Partner Admin Link (PAL) is one of the mechanisms used by Microsoft to recognise a service partner’s influence in customer’s Azure subscriptions. The other main mechanism is Cloud Solution Provider (CSP). Both are used by partners in the Microsoft AI Cloud Partner Program (MAICPP), which is the current name for what used to be the Microsoft Partner Network.

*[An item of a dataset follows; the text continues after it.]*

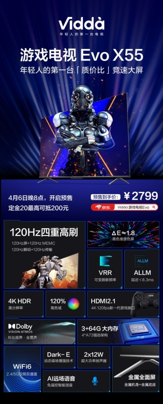 4月6日消息,今晚Vidda通过直播方式正式发布质价比游戏电视Evo X55。新品将为玩家带来电竞级的游戏画面和操控体验,满足专业玩家的苛刻要求。Vidda游戏电视将有55、65、75、85英寸等屏幕尺寸,其中55英寸的Evo X55已经开启预售,4月17日20点京东付尾款首销,售价2799元。目前,X65在京东以3299元现货销售中,X75则以4599元众筹中,4月14日将以4799元首发。

In this context, influence is based on the idea that if you are providing a managed service then you will have ongoing access to the customer subscriptions with a minimum level of access. Use PAL to link to your partner organisation - which doesn’t require anything additional from the customer - and your company will receive the recognition based on the ongoing telemetry against the resources under the RBAC role assignment scopes.
The process is sometimes called PAL tagging.

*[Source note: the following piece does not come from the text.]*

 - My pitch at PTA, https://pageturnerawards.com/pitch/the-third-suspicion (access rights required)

What do you mean by eligible security principal?
Security principal is an Entra ID term. Here are the types that you can use.
- Directory accounts: User IDs that the customer creates for you in their own directory. Usually called users or members.
- Guest users: The customer invites your ID to their directory. Usually called guests or invited users.
- Service principals: Service principals are system accounts. They are often referred to as app registrations (as they’re closely related), or enterprise apps (as that is where you’ll find them in Entra’s admin portal.).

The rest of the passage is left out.